Sunday, June 26, 2011

Life is about letting go of the smaller stuff

Sometimes I feel so incapable of dealing with suffering here.  When God allows me just a sample of what the people here deal with I feel like I am going to break down.  For instance, no power cuts me off from my children, family and friends in America but the people of Uganda loose their children in birth and to illness regularly.  Also, Mike and Hope adopted two dying puppies that had an infestation of worms, ticks and fleas which caused our whole family to have to go through de-worming.  Orphans and widows in Uganda constantly deal with bugs and unsanitary conditions.  It is difficulties like these that cause me my greatest moments of weakness: loss of contact, lack of electrical power, unclean water, bugs and poor food options can make me weak in the knees.  So why does God have me here when these things are such a regular occurrence here?

Today I visited the only church in a small village in Mukono.  Pastor Dan has a church with no walls and no roof.  He ministers to his neighbors by praying for them and offering 17 orphans assistance for school.  It is not easy for him or his wife Susan.

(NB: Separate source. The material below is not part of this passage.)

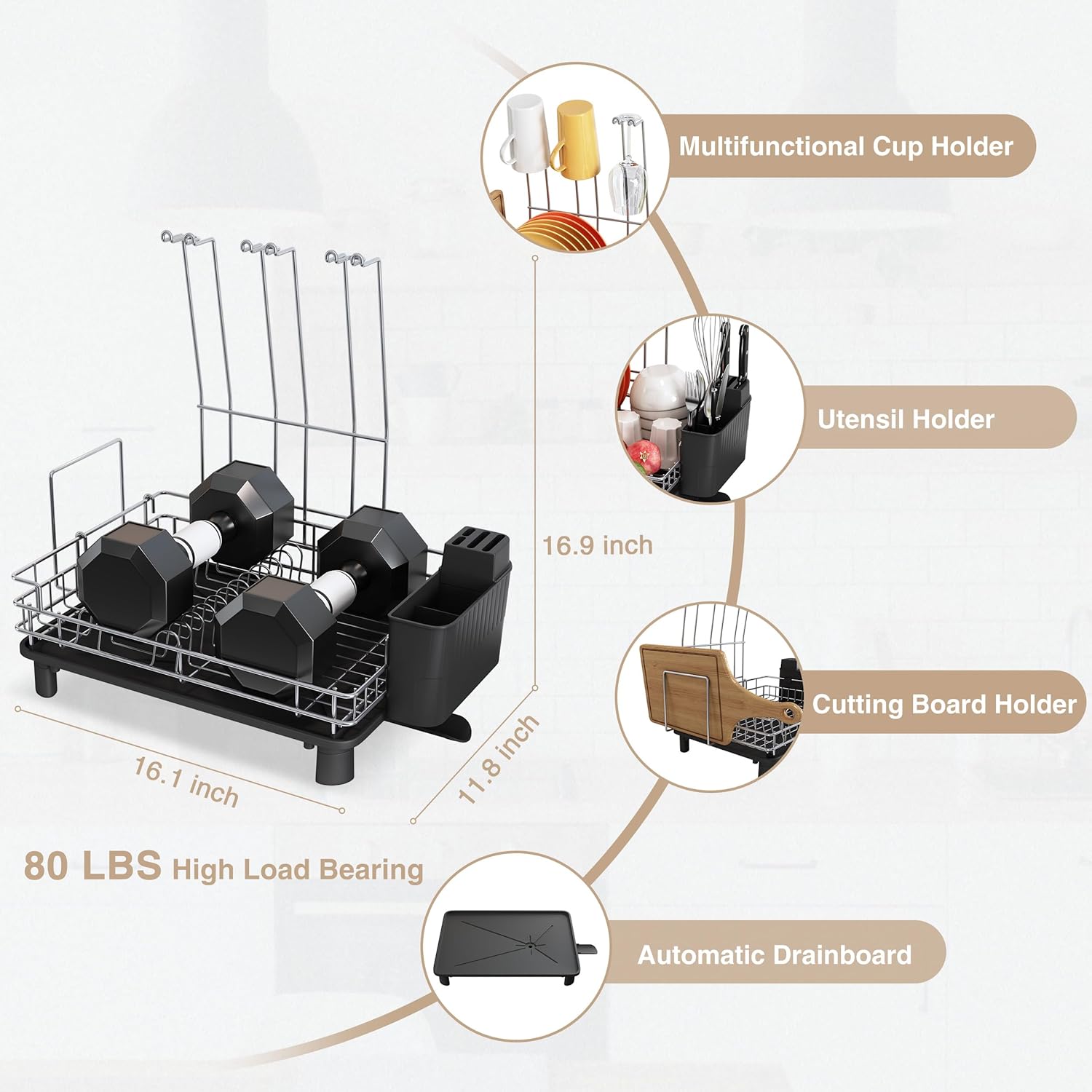• 🖤 Modern Gray Dish Drying Rack: Smudge-resistant gray dish drying rack blends seamlessly. Easy-wipe finish stays clean—no stains, no scrubbing

Talking to Pastor Dan about the Orphans

Pastor Dan introduced his family to us and said that his second son was a twin.  His brother died shortly after his birth.  He said it pained him to talk about it. While he was caring for these other orphans, he looses a child but maintains support for the orphans even while his wife is suffering malaria after giving birth.  Who does that?  This man is committed to taking care of the little ones God put around him no matter what.  It is inspirational.  Even this very Sunday morning at 2:00 am, Pastor Dan had to pray for his neighbor who watched their 6 year old son die of anemia.  The burial had already taken place by the time I arrived at the church. 

Me feeding one of the Sick Orphans

I cried at the church service because I missed Amber and Nathan so much.  They are at home in America and I am so far from them.  But I know that I will have an opportunity to see them again... these lovely people will never get to see their sons, daughters, mothers or fathers; not until they die at least.  It is an ongoing topic among the people in the village.   They often talk about life as a GIFT.  Every breath is precious and valuable.  

Laughing with the Widows and Orphans

I love being with these people.  I love feeling that my life is more than just getting up and going about my business.  Life is about being COMPLETELY alive.  God has given me an opportunity to help others in great need and I won't waste it.  I am trying to get over all the little things like bugs and enjoy the big things like God, family, health and friendships. Tomorrow I will be running again and now I am thinking about having to jog through human, goat and cow manure.  God help me remember to enjoy that I am capable of running instead of focusing on the yucky part of it!  Ugh... this is harder than I thought it would be!


2 comments:

Anonymous said...

Blown away by the precious lives you are being blessed to get to meet and their joy in the midst of so much pain. I love what God is doing in your heart and life. Praying He continues to draw you near to Him thru this experience. So proud of you and love you so very much!

Love,
Chelle

Ben Pahlow said...

I love your heart. God is stretching you and growing you so amazingly. I am proud to know you, and serve beside you. You are beautiful.